# homemade automatic fisherman like rig



## yonderfishin (Apr 9, 2006)

Since i bought an automatic fisherman ive been working on a version that will accept longer rods. Using the comercial model as a reference and came up with this. It works good but im still finetuning it. I engineered the trigger mechanisim out of bits and pieces of stuff i had in the garage.


----------



## yonderfishin (Apr 9, 2006)

posted using Outdoor Hub Campfire


----------



## yonderfishin (Apr 9, 2006)

posted using Outdoor Hub Campfire


----------



## fish master (Dec 24, 2005)

can you post a demenstration video?


----------



## yonderfishin (Apr 9, 2006)

fish master said:


> can you post a demenstration video?




Im working on it. The only way i know how to do that is upload it to youtube and post the link in here but my youtube account is messed up right now due to some recent changes they made to the site , so i have to figure another way.


----------



## McMish (Mar 23, 2009)

yonderfishin said:


> Im working on it. The only way i know how to do that is upload it to youtube and post the link in here .


you can imbed the video into the post, if you figure out your account


----------



## yonderfishin (Apr 9, 2006)

http://m.youtube.com/#/watch?v=9SbNHvF-D_Q



Hopefully this works. Heres a simple demonstration , not a good video but shows it function.


----------



## ErieRider (Mar 23, 2010)

would this be for hard or soft water??? Or like for something fishing on a dock??


----------



## yonderfishin (Apr 9, 2006)

ErieRider said:


> would this be for hard or soft water??? Or like for something fishing on a dock??
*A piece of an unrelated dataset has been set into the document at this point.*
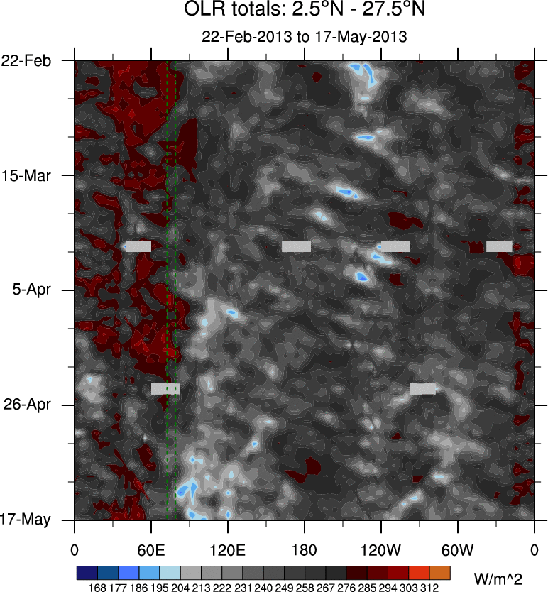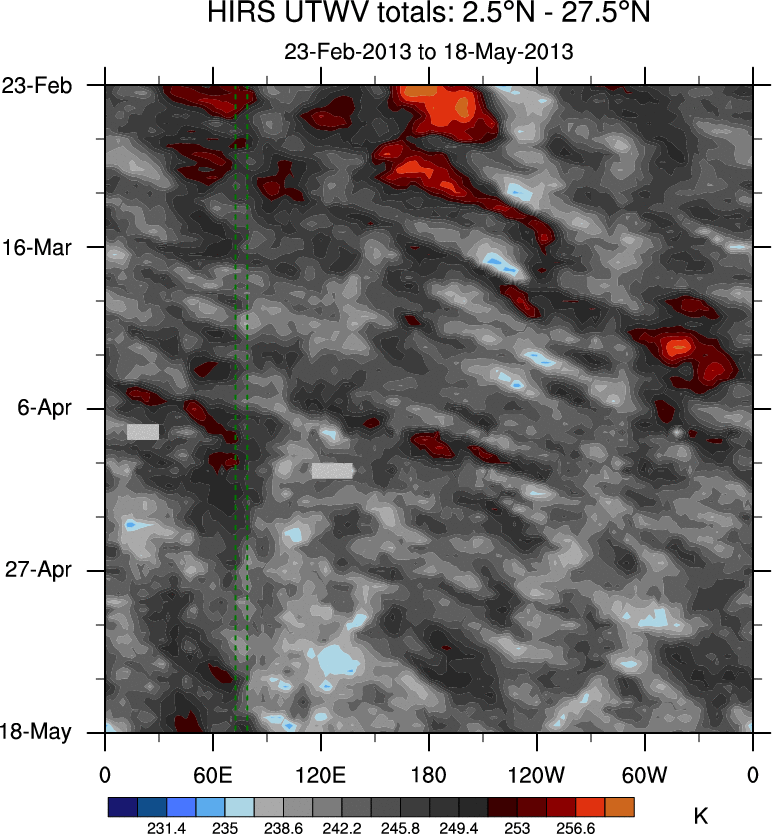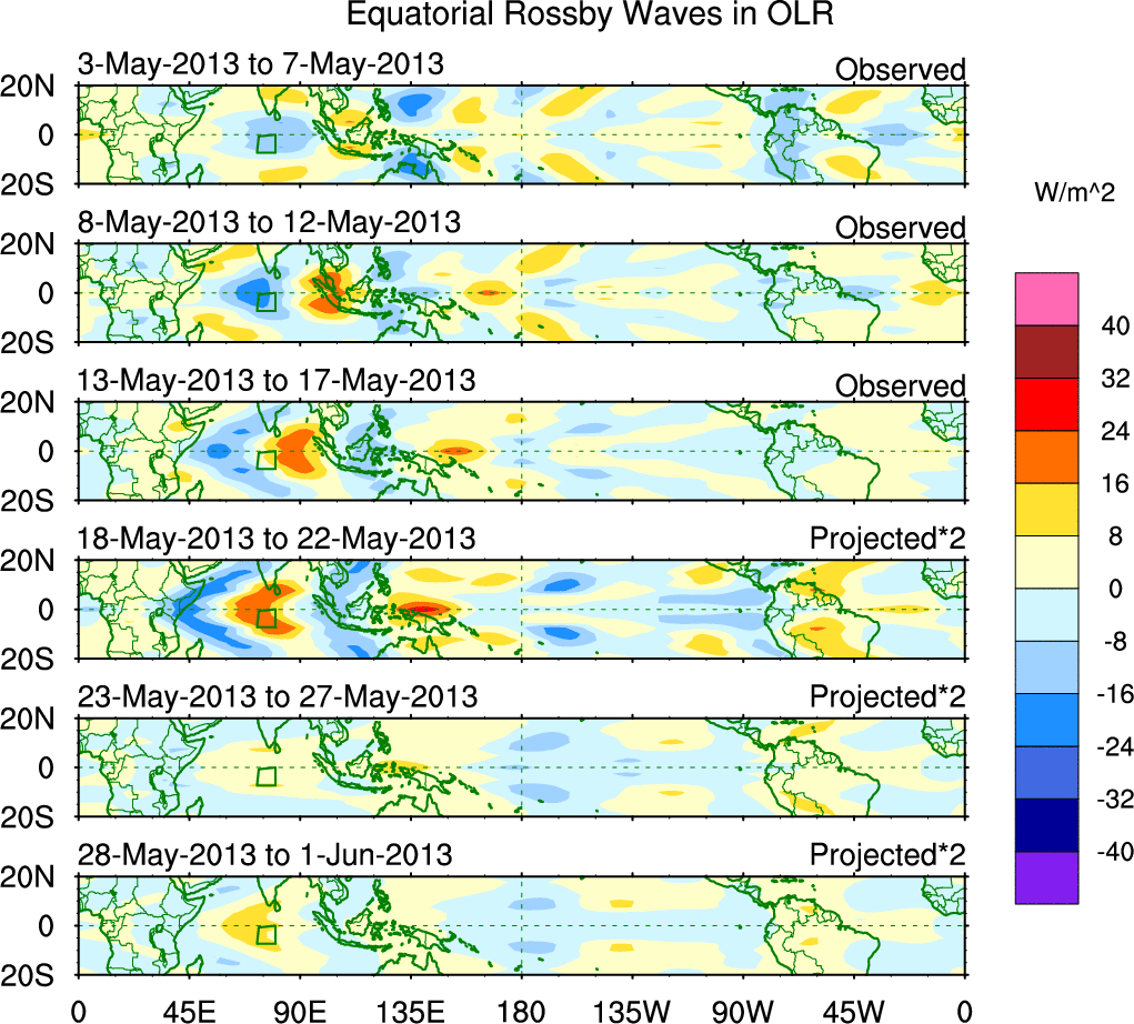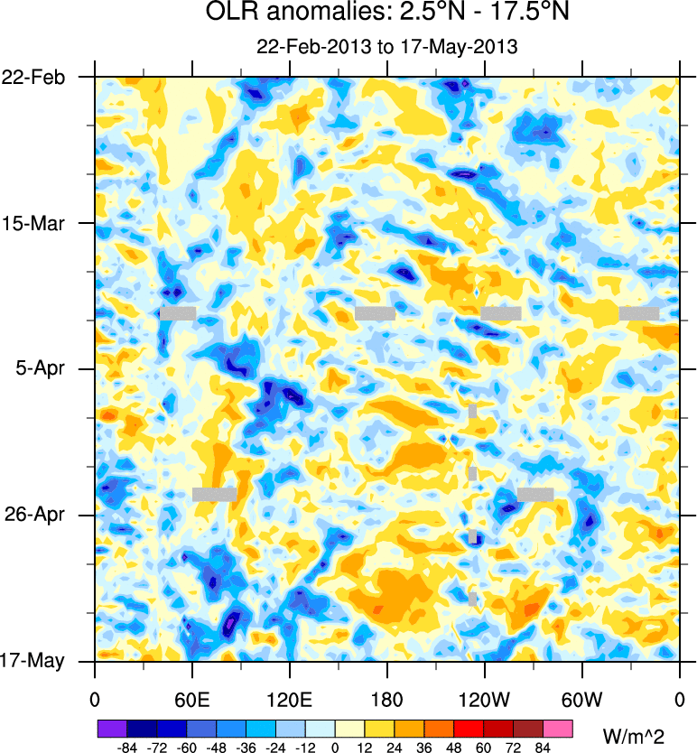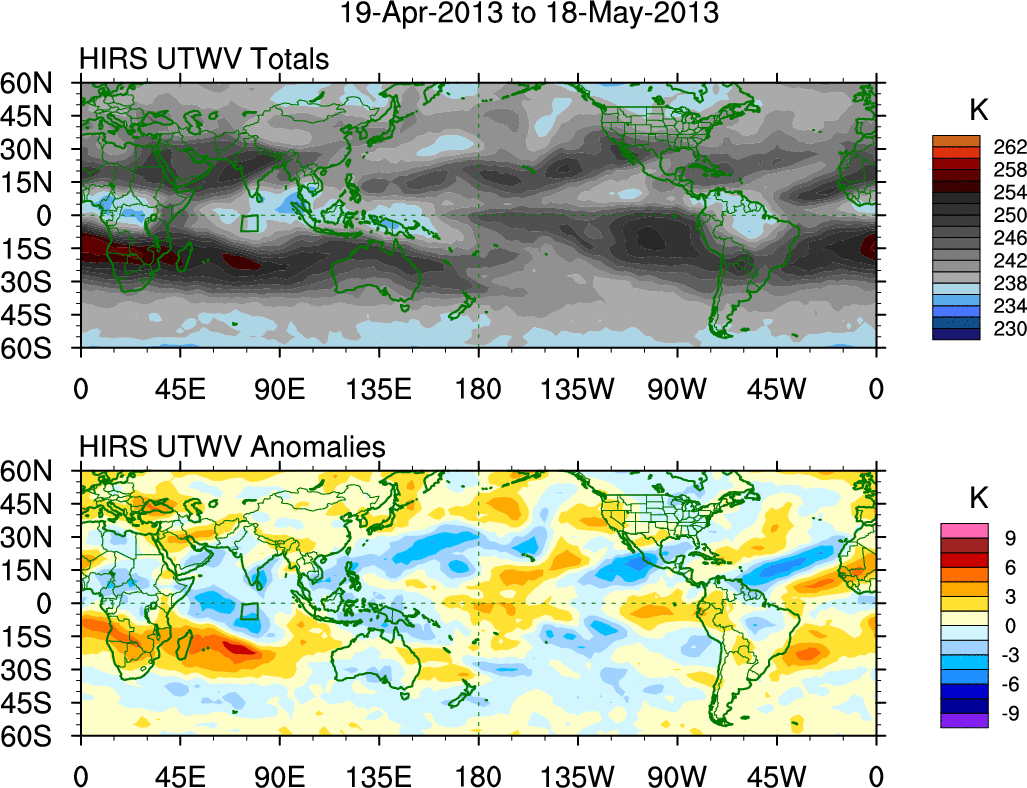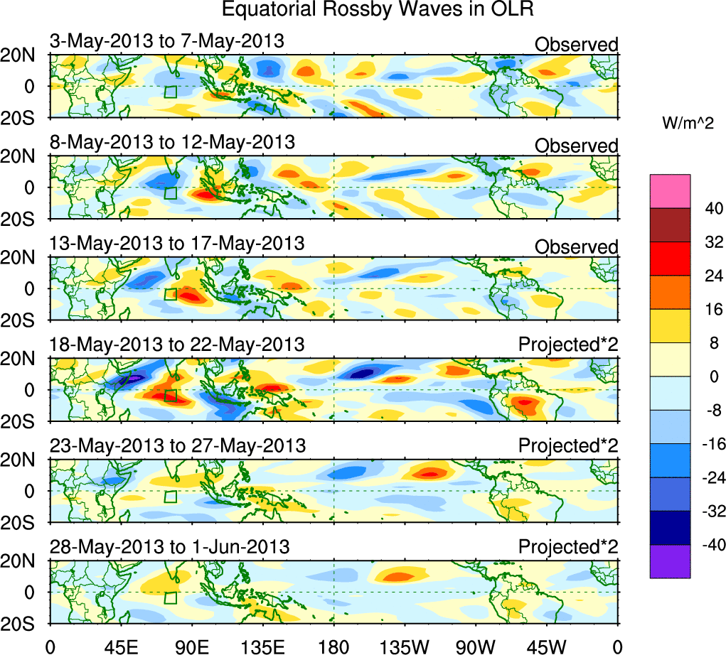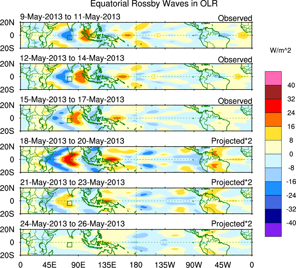 To identify tropical waves in near real-time, the OLR and UTWV data are filtered following Wheeler & Weickmann (2001 MWR). The daily anomalies are calculated using the first 3 harmonics of the seasonal cycle for 1979–2009. Missing values are then filled using linear interpolation in space and time. The most recent 365 days of anomalies are padded with 659 days of zeroes, and the result is filtered for each wave type.

Hard water. You place it at the hole. Works exactly like the automatic fisherman but i can use a longer rod with this for steelhead if i want. The main drawback with the automatic fisherman is you can only use up to like a 33 inch rod or something like that , with this i can go bigger. I can still scale this one down pretty easily to use short rods if i want. Works like a tip up , but sets the hook and lets you fight the fish on a fishing rod.


----------



## Shortdrift (Apr 5, 2004)

It isn't the Video, it is the computer operator. If I could bring it up and view it , anyone should be able to.


----------



## yonderfishin (Apr 9, 2006)

I uploaded the video from a mobile app , now looking at it from a desktop it is kinda difficult


----------



## Big Chief (Dec 16, 2005)

Video works. Looks like a auto fisherman to me!


Outdoor Hub mobile, the outdoor information engine


----------



## ErieRider (Mar 23, 2010)

I have an auto fishermen myself. Just was not sure what your planned use was

posted using Outdoor Hub Campfire


----------